MongoDB was founded in 2007 by the techs that worked at DoubleClick, ShopWiki and Gilt Groupe. Like their larger counterparts, they realized that a different solution was needed. A solution that addressed the needs of storing non-standard data, data distribution and horizontal scalability. Big players weren’t the only vendors that identified that the relational model wasn’t a good fit for every application. Whenever there’s a gap, smart people will step in to fill it.
Drawing Parallels Between Relational and NoSQL Adoption
One of the key initial adoption drivers for relational systems was their flexibility. The hierarchical and network database competitors during the early years of relational product adoption were well known to rigidly mate both the logical and physical layers. There was no abstract layer. Relational databases offered unparalleled flexibility when they were compared to their non-relational counterparts.
Although DB2 was originally a mainframe product, during the early growth stages of the relational model, there were competing product offerings that were marketed as being able to run on lower cost Windows and UNIX operating systems. A parallel can be easily made between the marketing literature presented by the early relational database players (Oracle, Informix, Ingres, Sybase) touting their product’s flexibility and ability to run on cost-effective hardware and the NoSQL vendors of today.
An argument can now be made that the same business drivers that led to relational systems eclipsing their hierarchical and network counterparts will also fuel NoSQL’s increased acceptance, that NoSQL is a natural progression of database technology.
Each new release of any database product contains numerous new features and functionality.
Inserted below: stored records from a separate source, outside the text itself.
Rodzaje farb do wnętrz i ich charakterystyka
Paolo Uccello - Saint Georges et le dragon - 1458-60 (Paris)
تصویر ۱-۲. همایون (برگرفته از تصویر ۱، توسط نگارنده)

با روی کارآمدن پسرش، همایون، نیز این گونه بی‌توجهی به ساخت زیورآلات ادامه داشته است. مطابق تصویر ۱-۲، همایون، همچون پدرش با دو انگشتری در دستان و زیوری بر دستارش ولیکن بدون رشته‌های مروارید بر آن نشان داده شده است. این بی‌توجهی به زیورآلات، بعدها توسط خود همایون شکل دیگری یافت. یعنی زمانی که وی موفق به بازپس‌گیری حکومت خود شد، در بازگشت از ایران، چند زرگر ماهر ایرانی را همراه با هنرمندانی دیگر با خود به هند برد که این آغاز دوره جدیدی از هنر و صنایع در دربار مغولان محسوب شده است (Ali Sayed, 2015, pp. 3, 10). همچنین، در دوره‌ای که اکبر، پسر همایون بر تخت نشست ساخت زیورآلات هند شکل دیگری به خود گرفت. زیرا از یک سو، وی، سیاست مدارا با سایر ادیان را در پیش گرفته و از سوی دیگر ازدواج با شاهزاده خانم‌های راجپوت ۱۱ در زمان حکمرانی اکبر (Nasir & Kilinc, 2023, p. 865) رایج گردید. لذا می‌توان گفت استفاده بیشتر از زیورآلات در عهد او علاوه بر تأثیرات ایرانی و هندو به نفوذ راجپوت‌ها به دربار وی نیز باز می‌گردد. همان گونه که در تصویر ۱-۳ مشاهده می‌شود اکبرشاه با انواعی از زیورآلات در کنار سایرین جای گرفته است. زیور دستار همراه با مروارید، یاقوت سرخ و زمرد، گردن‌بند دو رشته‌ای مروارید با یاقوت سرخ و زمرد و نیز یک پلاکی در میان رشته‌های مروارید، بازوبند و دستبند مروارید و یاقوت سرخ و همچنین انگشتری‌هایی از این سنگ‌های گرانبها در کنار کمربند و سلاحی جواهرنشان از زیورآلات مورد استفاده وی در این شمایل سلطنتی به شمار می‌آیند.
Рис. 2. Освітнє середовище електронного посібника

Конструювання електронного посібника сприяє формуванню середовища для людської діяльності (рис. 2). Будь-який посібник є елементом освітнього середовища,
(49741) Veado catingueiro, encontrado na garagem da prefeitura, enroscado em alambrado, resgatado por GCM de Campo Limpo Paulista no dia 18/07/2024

Database vendors know that they must add new features to remain competitive. A competitive marketplace forces all software vendors to maximize their product’s inherent feature set. Constant innovation and integration of new features that differentiate their products from other vendors is an absolute requirement for their continued competitive survival.
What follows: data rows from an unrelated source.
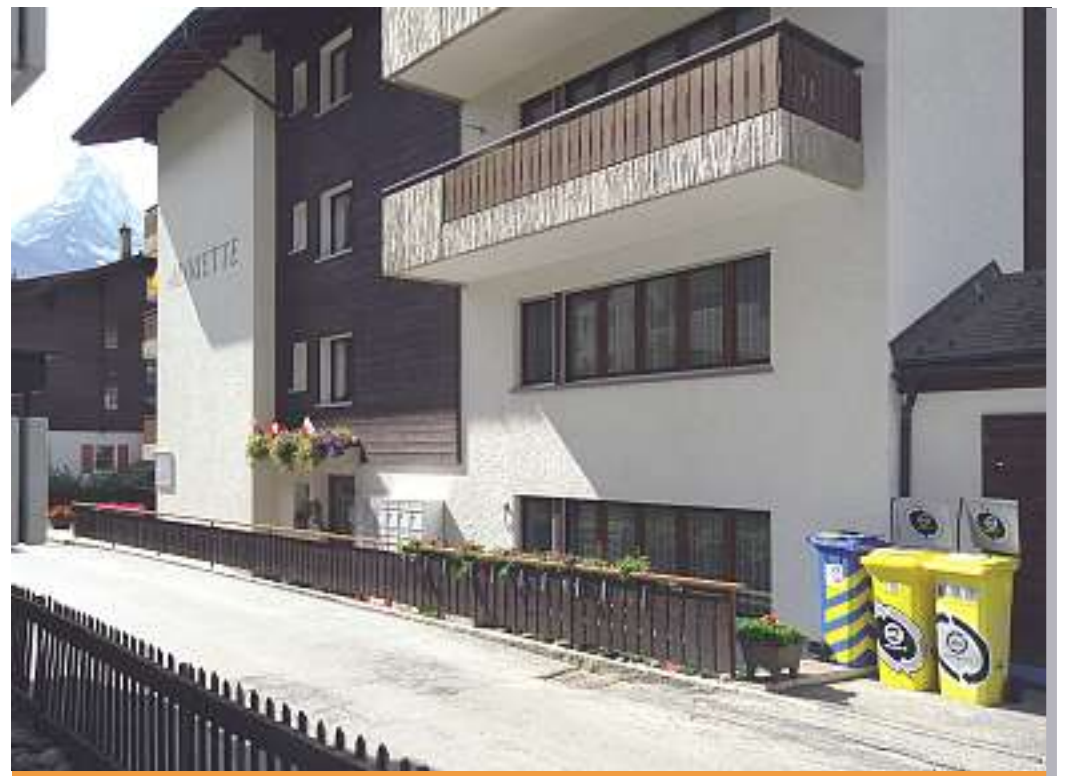
Conteneur IGORA de la résidence de vacances Alouette à Zermatt.

C'était avant la fin juillet. Entre-temps, il y a bien des touristes du monde entier qui y déposent quelques canettes. Mais, selon Sandro Biner, la saison d'été est plutôt calme à Zermatt. Le résultat de la collecte est donc un peu réduit. Les trois Valaisans se réjouissent d'autant plus du «full house» de leur 15 appartements pendant la saison d'hiver à venir et espèrent que les conteneurs seront approvisionnés par plein de canettes et d'emballages en alu. Les Biner donnent le bon exemple. S'ils réussissent comme ils l'espèrent – ce qui est prévisible grâce à la bonne coopération avec IGORA – il est certain que d'autres habitants de Zermatt suivront leur exemple.
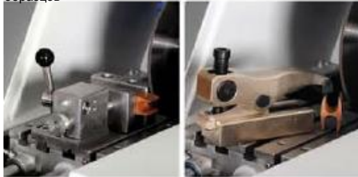
Быстродействующий блок зажимных тисков Вертикальное зажимное устройство
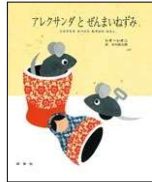
『アレクサンダとぜんまいねずみ』
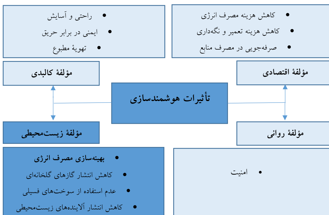
نمودار ۳ مدل مفهومی مؤلفه‌های هوشمندسازی در ساختمان، (منبع: نگارندگان)

مرور پیشینه و مبانی نظری مربوط به موضوع نشان داد که عناصر هوشمندسازی شامل تکنولوژی‌های نوین از طریق «مواد و مصالح هوشمند»، «حسگرها»، «سامانه کنترل امنیت و نظارت و ایمنی» و «تجهیزات خدماتی» می‌باشد که با دو روش باسیم و بی‌سیم می‌تواند نیاز ساکنین خانه‌های معاصر را پاسخ دهد. علاوه بر این، یافته‌ها نشان می‌دهد هوشمندسازی خانه از طریق چهار مؤلفه کالبدی، زیست محیطی، اقتصادی و روانی می‌تواند موجب ارتقای سطح کیفیت زندگی ساکنین شود که شاخص‌های مربوط به هر کدام از این مؤلفه‌ها از دیدگاه محققین مختلف مورد بررسی قرار گرفته و در قالب جدول ارائه شده است (جدول ۲) همچنین یافته‌ها نشان می‌دهد، مهم‌ترین شاخص از مؤلفه زیست محیطی، کاهش مصرف انرژی است که در این پژوهش نیز به‌طور خاص بررسی تأثیر عناصر هوشمندسازی بر صرفه‌جویی در مصرف انرژی مدنظر می‌باشد. از جمع‌بندی مؤلفه‌ها و شاخص‌های مستخرج از جدول پیشینه، مدل مفهومی زیر ارائه شده است. (نمودار ۳)

It remains to be seen if NoSQL’s increasing feature set will allow it to directly compete with relational systems. Relational product vendors, during the early stages of their lifecycle, were also often defined as being niche players. As they matured, they listened to what customers wanted and improved their product offerings accordingly to gain competitive advantage. If they didn’t, they fell by the wayside.
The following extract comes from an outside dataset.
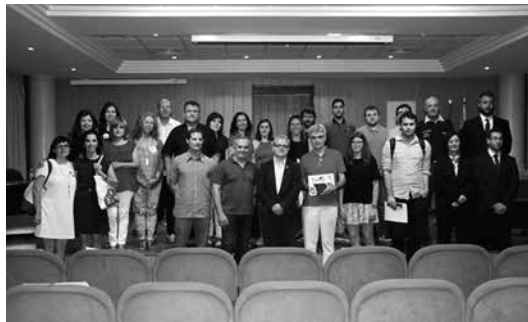
Participantes en el proyecto Machina et Schola

Como se puede ver son muchas las actividades realizadas en la Domus Baebia que sirven para promover la cultura clásica, como MACHINA ET SCHOLA , impulsado por la empresa ArcelorMittal.
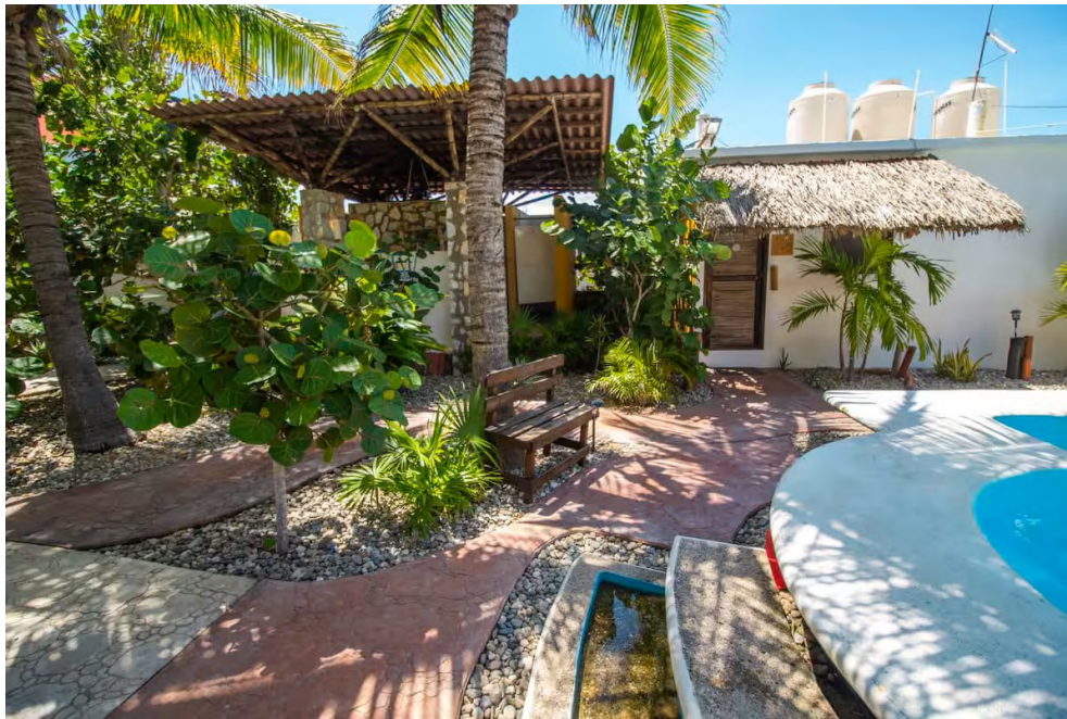
Figura 8. ARQUITECTURA ESCENIFICADA: NUEVA CONSTRUCCIÓN DE INVERSIÓN TURÍSTICA QUE SIMULA LA ESTÉTICA VERNÁCULA

Estas tres expresiones no son mutuamente excluyentes, sino que conviven, demostrando la complejidad de la hibridación cultural donde la arquitectura vernácula es simultáneamente un recurso estético, una mercancía rentable y un campo de batalla para la identidad (Ver figura 8).

As NoSQL database products continue to mature, they will become more robust, more intelligent and more standardized. As a result, their adoption rate will continue to grow, as it would with any technology possessing these traits. Organizations will increasingly view them as standard infrastructure choices for new database application implementations.
Will the NoSQL vendor’s desire to increase market share, which may require them to compete more directly with relational product manufacturers, drive them to add functionality that allows them to be more widely adopted? The larger relational vendors will attempt to co-opt any NoSQL technology that challenges their dominant role in the industry. As they identify offerings as tangible threats, their strategy will be to ensure that the technologies used by those vendors become a component of, not a replacement for, their traditional database products. The key to their continued dominance will be their ability to identify and seamlessly integrate technologies that are destined to become more widely adopted vs those that will continue as niche offerings.